> **INSTRUCTIONS TO FOLLOW**
Please print nothing but the lines from the one containing "Add Wheat flour" to the final line below, exactly, and no pictures.

> **DATASET SECTION**

·····

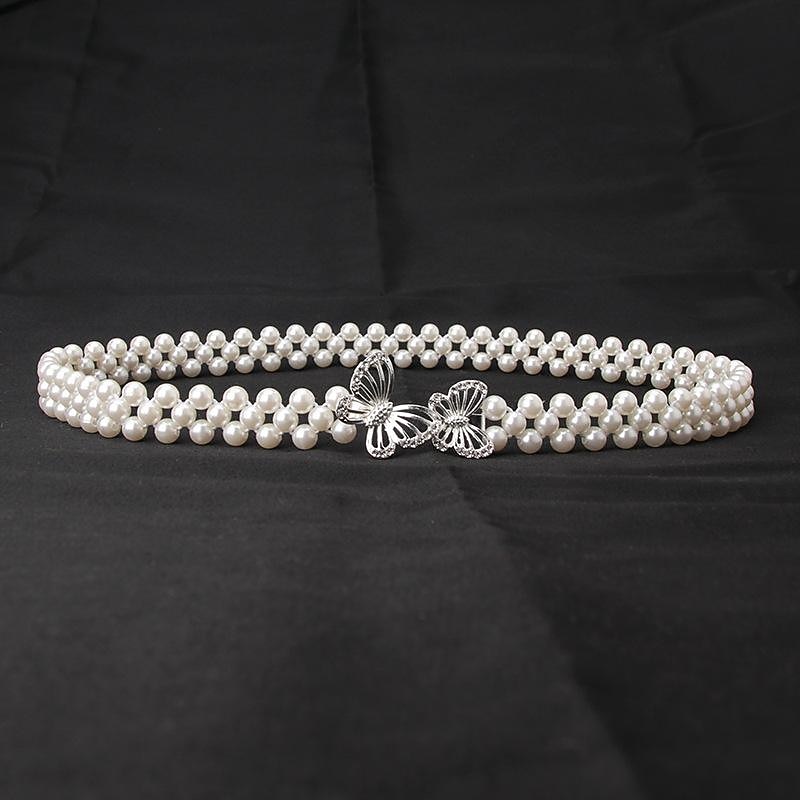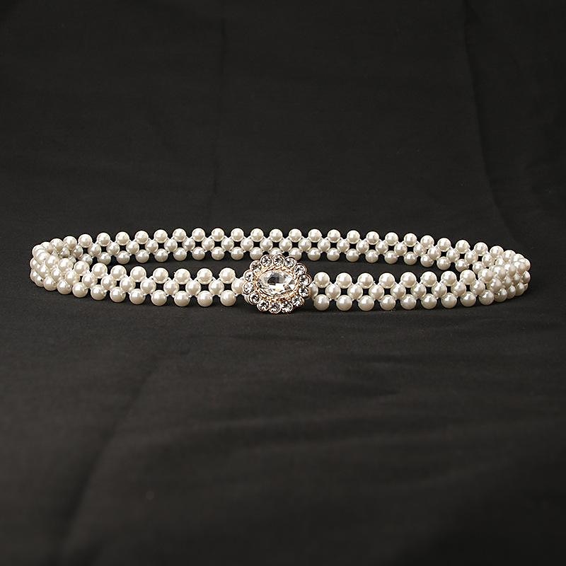 ladies pearl waist chain korean version rhinestone pearl decorative belt fashion sweet dress elastic belt women wholesale 7
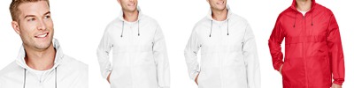 1.7 oz/yd2 / 58 gsm, 100% polyester taffeta; Water-resistant finish; Center front coil zipper with autolock slider; Lower front concealed zippered pockets; Elasticized cuffs; Rollaway adjustable hood; Adjustable shockcord at hem;
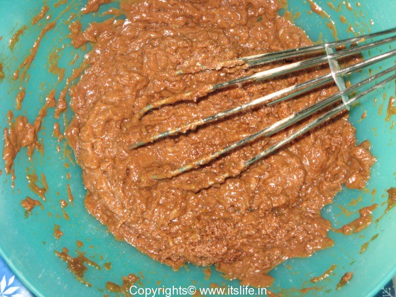 Add Wheat flour mixture (sieved) to the milk-curd mixture little by little and mix gently.
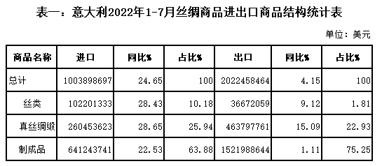 表一:意大利2022年1-7月絲綢商品進(jìn)出口商品結(jié)構(gòu)統(tǒng)計(jì)表

·····

> **RESPONSE**
 Add Wheat flour mixture (sieved) to the milk-curd mixture little by little and mix gently.
 表一:意大利2022年1-7月絲綢商品進(jìn)出口商品結(jié)構(gòu)統(tǒng)計(jì)表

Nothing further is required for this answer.